My PT session was interesting. It was difficult to get my heart rate up. I wasn't sweating or working very hard, but my pulse only went from 71 to 83 in the entire session. You'd think that my low blood density would make the rate increase rapidly, but it didn't. Odd.

(If memory serves, human pulse and breathing rate are triggered off carbon dioxide levels in the blood, so there might not be a direct correlation between work levels and pulse in people with low blood densities. I need to investigate this.)

Anyway, I guess Monday is pre-spelunking data. Then Wednesday is the expedition. Eventually they'll find out if I have GVHD, CMV, or both.
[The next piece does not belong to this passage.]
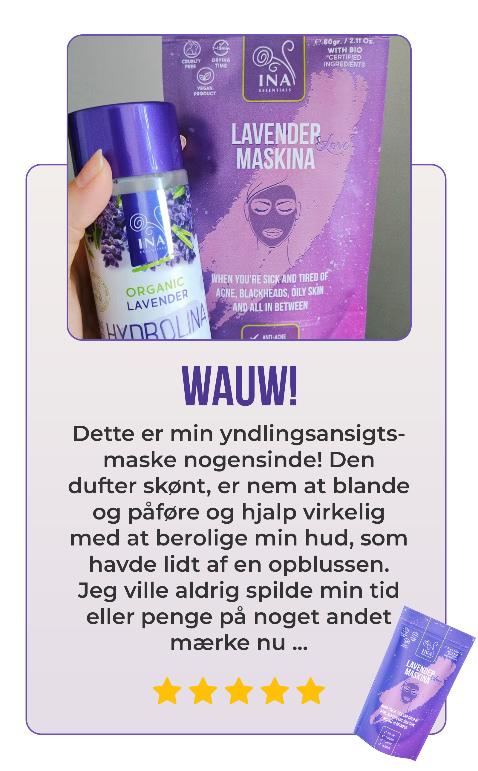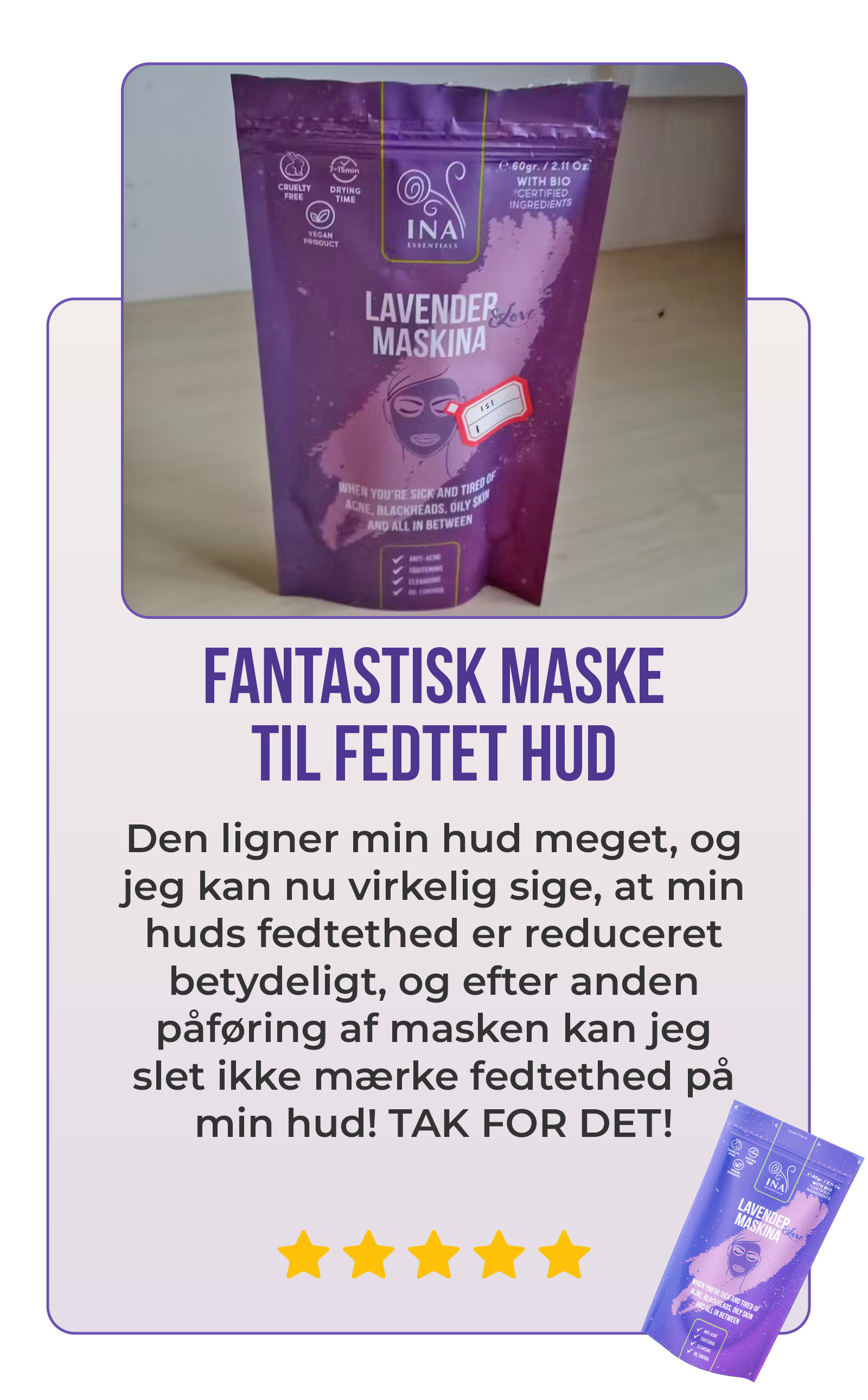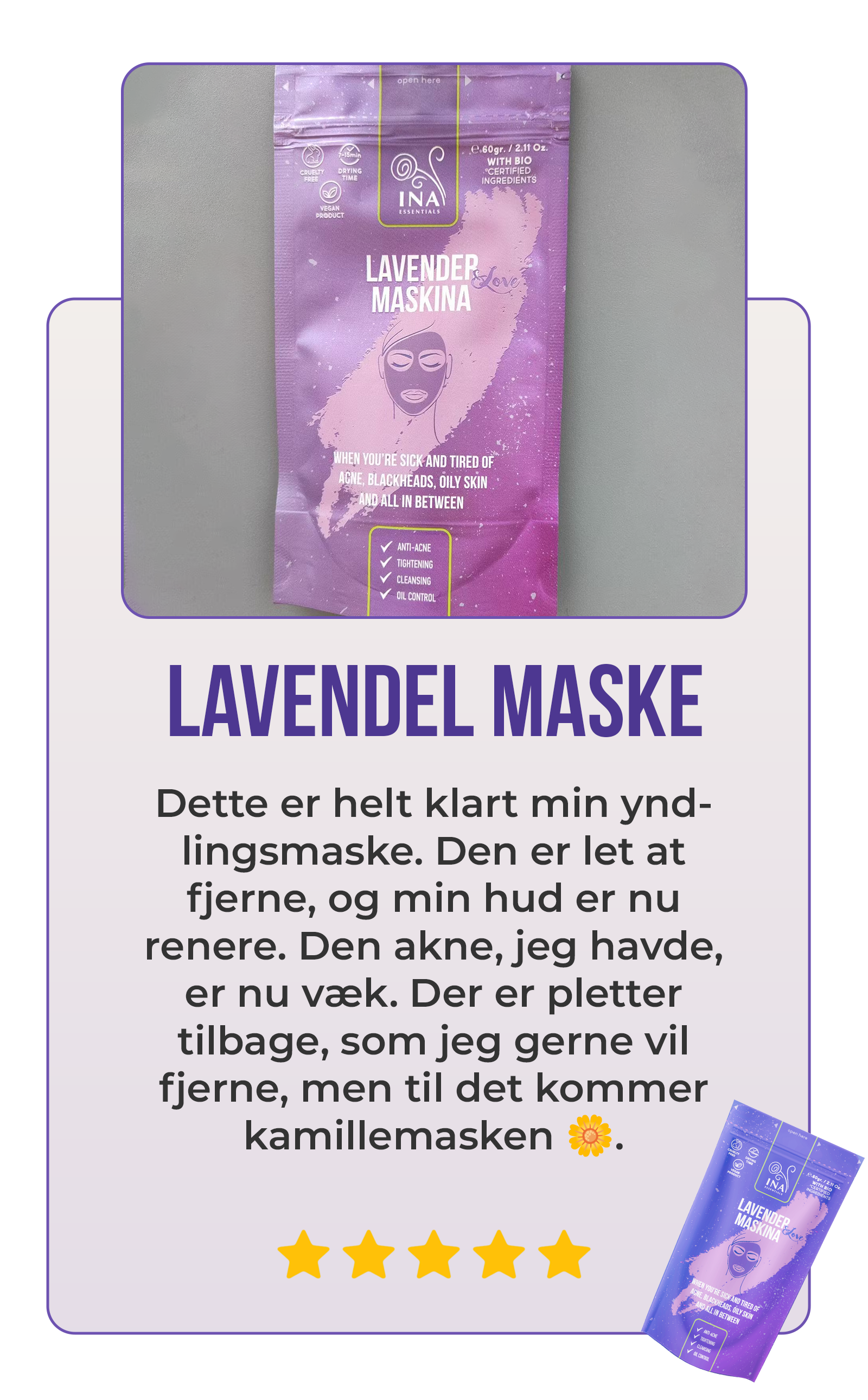 Mød dit nye yndlingsprodukt til fedtet og akneudsat hud - Lavendel Maskina fra InaEssentials!

What's the REAL goal? It's to get me off steroids. Just like back in early '07, the prednisone could be hiding the Wicked Witch of the West inside my body. I really don't want them to open me up again. Really. I mean REALLY.

Wednesday, November 05, 2008

Tree rings.

For some time, scientists have been saying that we can tell the history of weather by inspecting tree rings. If I remember the relationships correctly, wet summers make the rings thicker and thin rings tell us there was a drought. If you look at really old trees, you can supposedly see cyclic patterns in weather.

Humans appear to be the same as trees. Our hair and nails are our rings.

I've got 4 distinct patterns of thickness on each nail. There's direct temporal correlation between every nail on my hands and toes. The growth patterns have changed, the coloring has changed, and there are ridges on all of them.

These aren't funny little stripes that go down the length of the nail. They're across the width of each nail. They represent a health timeline over the last 60 days and they're far from subtle. They can be seen from several feet away.

As far as hair, I haven't whipped out the microscope, but I know my hair color is changing. It used to be dark brown with a lot of grey. Now it's a medium brown with less grey. Having talked to a few former transplantees, this is not uncommon.

On the general health front, I'm still having lower GI troubles. The docs want to do a spelunking expedition on Friday but I want them to wait until Monday when Ed is in town. It seems they're being pressured for info by my regular oncologist. He wants to know if he should treat me further for GVHD or CMV. (The CMV counts are going down so we know the drugs are working.) Odd, but the GI docs also mentioned that my problem(s) could be the result of my MMF dose. Funny how I've never heard that from the oncology team before.

Oh, the team expects I'll need another transfusion before the spelunking expedition. My platelet count is going down.

Kidney function is good. Energy is good. I improve a little bit every day.